* Records from a collection:
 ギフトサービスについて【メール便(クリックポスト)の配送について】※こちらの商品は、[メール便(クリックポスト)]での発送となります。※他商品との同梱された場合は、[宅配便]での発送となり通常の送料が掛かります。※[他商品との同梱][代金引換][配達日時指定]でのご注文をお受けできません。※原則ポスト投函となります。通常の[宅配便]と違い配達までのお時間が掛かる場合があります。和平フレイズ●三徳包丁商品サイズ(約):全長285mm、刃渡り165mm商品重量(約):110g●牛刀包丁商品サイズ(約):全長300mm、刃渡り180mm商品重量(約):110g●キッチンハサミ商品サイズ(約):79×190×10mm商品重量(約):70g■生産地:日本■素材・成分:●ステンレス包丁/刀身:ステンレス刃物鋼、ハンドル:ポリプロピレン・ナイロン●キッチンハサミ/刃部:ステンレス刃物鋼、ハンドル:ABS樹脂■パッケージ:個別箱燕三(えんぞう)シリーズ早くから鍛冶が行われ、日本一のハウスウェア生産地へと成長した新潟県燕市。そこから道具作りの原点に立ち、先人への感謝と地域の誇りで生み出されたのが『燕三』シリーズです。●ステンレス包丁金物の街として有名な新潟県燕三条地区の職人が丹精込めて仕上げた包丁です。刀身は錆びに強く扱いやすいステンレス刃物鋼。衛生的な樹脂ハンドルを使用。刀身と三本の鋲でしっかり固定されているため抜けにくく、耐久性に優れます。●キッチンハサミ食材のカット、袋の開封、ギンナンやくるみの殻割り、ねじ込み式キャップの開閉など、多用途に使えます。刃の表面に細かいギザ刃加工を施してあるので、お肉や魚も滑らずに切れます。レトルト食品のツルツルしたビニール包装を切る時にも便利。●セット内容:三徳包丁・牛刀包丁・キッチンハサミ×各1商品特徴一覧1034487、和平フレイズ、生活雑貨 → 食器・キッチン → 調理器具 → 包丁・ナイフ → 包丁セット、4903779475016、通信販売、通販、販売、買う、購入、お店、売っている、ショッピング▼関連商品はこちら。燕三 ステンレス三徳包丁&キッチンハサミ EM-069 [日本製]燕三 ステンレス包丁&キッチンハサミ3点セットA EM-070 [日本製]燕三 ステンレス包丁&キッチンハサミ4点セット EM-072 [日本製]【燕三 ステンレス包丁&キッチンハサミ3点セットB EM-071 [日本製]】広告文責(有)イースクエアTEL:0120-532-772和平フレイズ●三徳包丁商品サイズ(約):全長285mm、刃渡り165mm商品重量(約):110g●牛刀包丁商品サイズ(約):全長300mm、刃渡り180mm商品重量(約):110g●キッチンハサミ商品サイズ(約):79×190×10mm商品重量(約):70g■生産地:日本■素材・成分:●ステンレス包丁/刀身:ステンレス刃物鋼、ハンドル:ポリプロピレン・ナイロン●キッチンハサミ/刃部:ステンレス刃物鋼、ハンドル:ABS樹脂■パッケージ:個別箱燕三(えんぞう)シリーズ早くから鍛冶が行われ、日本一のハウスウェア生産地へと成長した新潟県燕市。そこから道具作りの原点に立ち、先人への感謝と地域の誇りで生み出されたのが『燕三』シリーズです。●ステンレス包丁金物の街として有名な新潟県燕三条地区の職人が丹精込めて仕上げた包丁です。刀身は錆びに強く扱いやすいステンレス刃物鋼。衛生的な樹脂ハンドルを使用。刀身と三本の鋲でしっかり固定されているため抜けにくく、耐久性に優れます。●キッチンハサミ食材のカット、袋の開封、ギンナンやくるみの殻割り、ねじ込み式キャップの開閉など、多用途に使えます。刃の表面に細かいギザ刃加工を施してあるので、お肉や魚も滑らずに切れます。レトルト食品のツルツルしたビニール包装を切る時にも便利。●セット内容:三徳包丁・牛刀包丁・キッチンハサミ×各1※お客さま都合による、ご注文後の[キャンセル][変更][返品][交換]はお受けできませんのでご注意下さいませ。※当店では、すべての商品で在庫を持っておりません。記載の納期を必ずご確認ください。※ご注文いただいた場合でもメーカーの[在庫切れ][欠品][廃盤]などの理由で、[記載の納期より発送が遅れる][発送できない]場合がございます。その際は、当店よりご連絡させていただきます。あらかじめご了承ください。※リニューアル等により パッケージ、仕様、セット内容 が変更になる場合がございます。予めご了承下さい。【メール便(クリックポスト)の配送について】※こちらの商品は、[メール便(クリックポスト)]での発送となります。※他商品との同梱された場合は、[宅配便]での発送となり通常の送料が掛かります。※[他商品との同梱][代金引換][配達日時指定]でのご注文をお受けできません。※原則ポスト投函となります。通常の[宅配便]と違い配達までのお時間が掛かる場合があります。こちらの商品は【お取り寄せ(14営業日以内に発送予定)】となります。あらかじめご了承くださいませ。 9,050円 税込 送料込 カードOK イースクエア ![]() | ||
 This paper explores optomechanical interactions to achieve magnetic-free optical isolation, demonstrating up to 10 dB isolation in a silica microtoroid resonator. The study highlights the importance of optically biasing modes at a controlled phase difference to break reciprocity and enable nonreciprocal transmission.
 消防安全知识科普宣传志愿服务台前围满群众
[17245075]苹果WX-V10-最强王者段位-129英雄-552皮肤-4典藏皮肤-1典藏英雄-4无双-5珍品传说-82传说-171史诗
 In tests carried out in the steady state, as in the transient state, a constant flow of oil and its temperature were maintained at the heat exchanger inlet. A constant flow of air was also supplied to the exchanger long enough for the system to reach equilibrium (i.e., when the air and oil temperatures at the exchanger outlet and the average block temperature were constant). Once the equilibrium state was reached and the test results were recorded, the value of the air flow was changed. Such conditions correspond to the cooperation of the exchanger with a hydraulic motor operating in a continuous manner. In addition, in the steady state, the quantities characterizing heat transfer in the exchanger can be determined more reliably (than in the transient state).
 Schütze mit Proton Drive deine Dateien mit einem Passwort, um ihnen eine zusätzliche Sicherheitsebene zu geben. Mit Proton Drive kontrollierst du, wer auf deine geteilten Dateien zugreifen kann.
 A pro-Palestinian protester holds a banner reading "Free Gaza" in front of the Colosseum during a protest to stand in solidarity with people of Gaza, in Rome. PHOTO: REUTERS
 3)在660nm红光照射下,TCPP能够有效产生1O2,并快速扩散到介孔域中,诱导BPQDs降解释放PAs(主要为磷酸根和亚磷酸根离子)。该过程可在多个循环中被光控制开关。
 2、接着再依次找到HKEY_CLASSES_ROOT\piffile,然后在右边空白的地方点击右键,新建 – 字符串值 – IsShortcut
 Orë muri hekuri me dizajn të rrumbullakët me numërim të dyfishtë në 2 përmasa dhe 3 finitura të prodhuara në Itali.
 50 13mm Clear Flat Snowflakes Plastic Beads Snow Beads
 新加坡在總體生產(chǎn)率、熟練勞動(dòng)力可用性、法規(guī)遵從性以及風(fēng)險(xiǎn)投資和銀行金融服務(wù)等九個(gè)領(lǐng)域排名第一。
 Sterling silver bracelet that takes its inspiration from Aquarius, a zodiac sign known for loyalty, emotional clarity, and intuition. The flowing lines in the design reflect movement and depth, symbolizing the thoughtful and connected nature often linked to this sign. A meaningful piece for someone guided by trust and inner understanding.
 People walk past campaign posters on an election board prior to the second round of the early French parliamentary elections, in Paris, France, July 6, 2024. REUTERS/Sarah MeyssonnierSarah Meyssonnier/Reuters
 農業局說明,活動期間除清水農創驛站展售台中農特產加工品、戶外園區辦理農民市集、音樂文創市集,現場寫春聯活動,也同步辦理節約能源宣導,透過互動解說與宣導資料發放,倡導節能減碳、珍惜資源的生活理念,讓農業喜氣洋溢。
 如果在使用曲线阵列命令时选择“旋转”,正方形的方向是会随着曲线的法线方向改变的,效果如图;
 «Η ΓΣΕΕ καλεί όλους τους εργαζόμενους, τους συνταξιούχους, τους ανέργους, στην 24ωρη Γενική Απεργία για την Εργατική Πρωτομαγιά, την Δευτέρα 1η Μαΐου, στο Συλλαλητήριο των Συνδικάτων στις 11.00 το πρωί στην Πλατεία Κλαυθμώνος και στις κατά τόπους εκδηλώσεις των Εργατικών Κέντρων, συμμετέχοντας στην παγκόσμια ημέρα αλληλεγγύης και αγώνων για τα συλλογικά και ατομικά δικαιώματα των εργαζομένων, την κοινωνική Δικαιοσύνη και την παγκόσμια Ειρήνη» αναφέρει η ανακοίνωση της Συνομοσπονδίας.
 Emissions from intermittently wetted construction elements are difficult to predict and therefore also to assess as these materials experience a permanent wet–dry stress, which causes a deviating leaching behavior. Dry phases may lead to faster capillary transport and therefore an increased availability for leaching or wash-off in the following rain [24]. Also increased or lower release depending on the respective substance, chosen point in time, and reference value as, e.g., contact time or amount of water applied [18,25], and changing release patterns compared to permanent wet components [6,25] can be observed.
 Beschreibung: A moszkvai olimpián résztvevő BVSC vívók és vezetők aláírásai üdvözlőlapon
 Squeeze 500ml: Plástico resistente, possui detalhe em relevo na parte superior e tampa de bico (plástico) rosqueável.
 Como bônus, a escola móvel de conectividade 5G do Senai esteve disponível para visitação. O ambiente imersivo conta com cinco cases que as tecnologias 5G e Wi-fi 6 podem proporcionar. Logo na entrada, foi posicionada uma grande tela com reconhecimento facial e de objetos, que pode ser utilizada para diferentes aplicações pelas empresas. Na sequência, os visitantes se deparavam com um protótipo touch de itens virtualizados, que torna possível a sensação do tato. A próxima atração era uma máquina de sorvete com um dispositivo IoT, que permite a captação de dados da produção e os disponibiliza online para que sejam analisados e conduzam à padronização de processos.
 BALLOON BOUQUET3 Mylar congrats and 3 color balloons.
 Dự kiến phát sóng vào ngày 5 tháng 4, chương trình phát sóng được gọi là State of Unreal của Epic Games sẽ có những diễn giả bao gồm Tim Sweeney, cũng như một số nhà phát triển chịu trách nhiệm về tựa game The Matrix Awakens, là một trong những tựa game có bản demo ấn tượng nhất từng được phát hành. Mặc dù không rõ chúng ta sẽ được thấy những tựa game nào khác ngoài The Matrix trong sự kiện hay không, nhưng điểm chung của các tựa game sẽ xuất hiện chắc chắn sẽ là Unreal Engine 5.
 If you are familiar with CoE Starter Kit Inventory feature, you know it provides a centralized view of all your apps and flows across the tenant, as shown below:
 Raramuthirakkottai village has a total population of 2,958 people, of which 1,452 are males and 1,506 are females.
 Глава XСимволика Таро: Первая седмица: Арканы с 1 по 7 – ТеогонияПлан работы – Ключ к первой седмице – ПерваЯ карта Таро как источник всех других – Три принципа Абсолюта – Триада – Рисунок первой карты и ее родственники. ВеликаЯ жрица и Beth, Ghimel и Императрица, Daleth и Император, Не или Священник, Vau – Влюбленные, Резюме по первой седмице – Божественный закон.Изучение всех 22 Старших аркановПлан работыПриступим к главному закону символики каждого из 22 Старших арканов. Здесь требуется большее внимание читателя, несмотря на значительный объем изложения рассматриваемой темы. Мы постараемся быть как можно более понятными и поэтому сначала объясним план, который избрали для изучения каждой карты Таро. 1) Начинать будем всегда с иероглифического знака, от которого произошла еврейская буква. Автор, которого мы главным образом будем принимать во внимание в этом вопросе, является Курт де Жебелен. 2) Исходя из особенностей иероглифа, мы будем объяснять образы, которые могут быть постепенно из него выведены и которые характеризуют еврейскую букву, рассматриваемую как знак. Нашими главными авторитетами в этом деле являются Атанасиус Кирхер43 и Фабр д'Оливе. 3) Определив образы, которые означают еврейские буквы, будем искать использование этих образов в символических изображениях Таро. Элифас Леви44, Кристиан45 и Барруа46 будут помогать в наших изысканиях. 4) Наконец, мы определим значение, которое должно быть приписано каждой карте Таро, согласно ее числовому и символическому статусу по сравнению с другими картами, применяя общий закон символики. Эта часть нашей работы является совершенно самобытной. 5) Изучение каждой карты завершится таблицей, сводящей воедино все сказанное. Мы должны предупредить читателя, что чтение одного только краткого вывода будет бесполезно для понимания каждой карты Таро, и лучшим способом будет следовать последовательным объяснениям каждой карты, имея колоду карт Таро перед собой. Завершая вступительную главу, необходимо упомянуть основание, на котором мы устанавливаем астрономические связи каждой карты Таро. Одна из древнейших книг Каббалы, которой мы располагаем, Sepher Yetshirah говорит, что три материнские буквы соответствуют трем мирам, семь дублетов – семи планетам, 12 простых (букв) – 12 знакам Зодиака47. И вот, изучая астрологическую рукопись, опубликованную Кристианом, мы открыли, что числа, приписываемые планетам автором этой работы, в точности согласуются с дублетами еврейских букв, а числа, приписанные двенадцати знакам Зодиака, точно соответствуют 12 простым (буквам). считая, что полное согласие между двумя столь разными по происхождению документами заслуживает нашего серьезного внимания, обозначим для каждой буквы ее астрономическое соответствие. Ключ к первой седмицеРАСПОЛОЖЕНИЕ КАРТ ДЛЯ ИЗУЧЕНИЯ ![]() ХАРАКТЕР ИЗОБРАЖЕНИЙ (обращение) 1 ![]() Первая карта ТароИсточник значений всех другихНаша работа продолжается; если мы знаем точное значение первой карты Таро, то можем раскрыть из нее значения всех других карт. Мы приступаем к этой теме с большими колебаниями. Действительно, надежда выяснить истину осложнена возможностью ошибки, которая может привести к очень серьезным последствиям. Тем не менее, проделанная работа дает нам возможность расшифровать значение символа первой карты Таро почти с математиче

* WHAT THE EXERCISE ASKS: Set down, exactly as they stand above, the lines starting with the line with "BALLOON BOUQUET3 Mylar" and going on through the line with "Raramuthirakkottai village has", and no others.

* ANSWER SECTION:
 BALLOON BOUQUET3 Mylar congrats and 3 color balloons.
 Dự kiến phát sóng vào ngày 5 tháng 4, chương trình phát sóng được gọi là State of Unreal của Epic Games sẽ có những diễn giả bao gồm Tim Sweeney, cũng như một số nhà phát triển chịu trách nhiệm về tựa game The Matrix Awakens, là một trong những tựa game có bản demo ấn tượng nhất từng được phát hành. Mặc dù không rõ chúng ta sẽ được thấy những tựa game nào khác ngoài The Matrix trong sự kiện hay không, nhưng điểm chung của các tựa game sẽ xuất hiện chắc chắn sẽ là Unreal Engine 5.
 If you are familiar with CoE Starter Kit Inventory feature, you know it provides a centralized view of all your apps and flows across the tenant, as shown below:
 Raramuthirakkottai village has a total population of 2,958 people, of which 1,452 are males and 1,506 are females.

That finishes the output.